As the groupthink started to be reflected in the output, numerous people refused to fall into line. People like the scriptwriter Cathy Leng, who told me how she had questioned the use of inaccurate pronouns and was ostracised by her peers and disciplined by her managers. And others, particularly women, who (anonymously) reported hatred directed at them for suggesting stories that were less than affirmative about trans rights.

In this environment, in late 2017, Theresa May announced plans to introduce self-ID, making it much easier for people to legally change gender. The initiative enjoyed cross-party support. The women campaigners who feared that it would grant access to women’s-only spaces to biological men were largely ignored by the BBC.

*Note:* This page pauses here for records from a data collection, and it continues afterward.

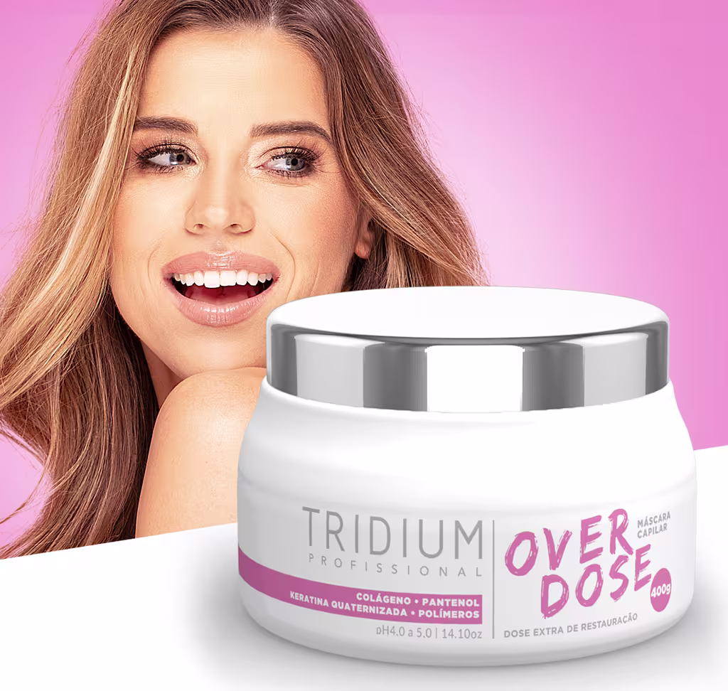 Tridium Cosméticos Overdose - Máscara Capilar 400g: dose extra de restauração, indicada para recuperação dos fios, principalmente dos que passaram por processo de descoloração ou que estejam altamente fragilizados.
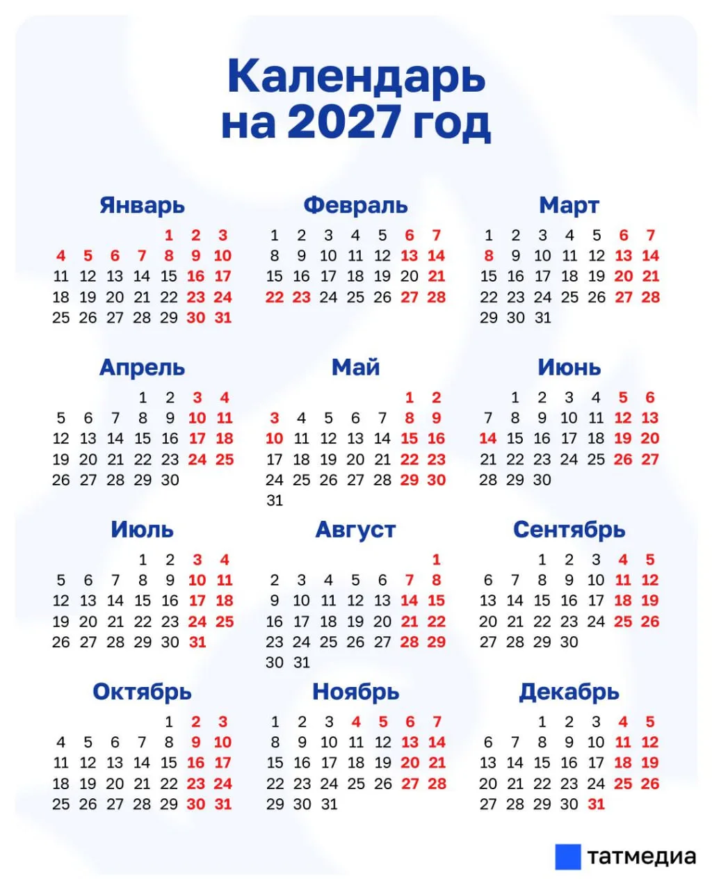 На 23 февраля и 8 марта у жителей республики длинные выходные будут по три дня – с 21 по 23 февраля и с 6 по 8 марта.
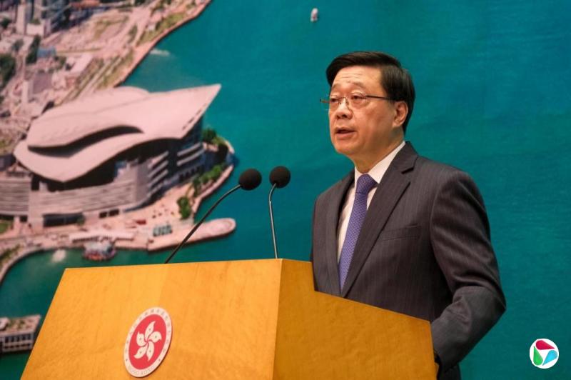 香港特首李家超率领代表团,参加星期三(9月3日)在北京举行的抗战胜利纪念大会、阅兵式和文艺晚会。图为他2月18日出席行政会议前的记者会。(中新社)

Largely ignored for ten long years.

All of this raised serious questions for BBC management and it was frustrating that only one (Gavin Allen, the former head of programmes) would speak to me on the record. Knowing it was a long shot, I put in a speculative bid for Fran Unsworth, the former director of news. I didn’t expect her to say yes or, when she did, to be so candid. I called her in Australia where she spends part of the year and it quickly became clear that she believed she had reached the pinnacle of BBC News just as, in her view, the world went mad. “It was bullying,” she said, “but it wasn’t just the trans issue. There was lots and lots of bullying going on about all sorts of things: people didn’t want to hear from certain points of view; they’d ‘no platform’ them; all that safe spaces shit.”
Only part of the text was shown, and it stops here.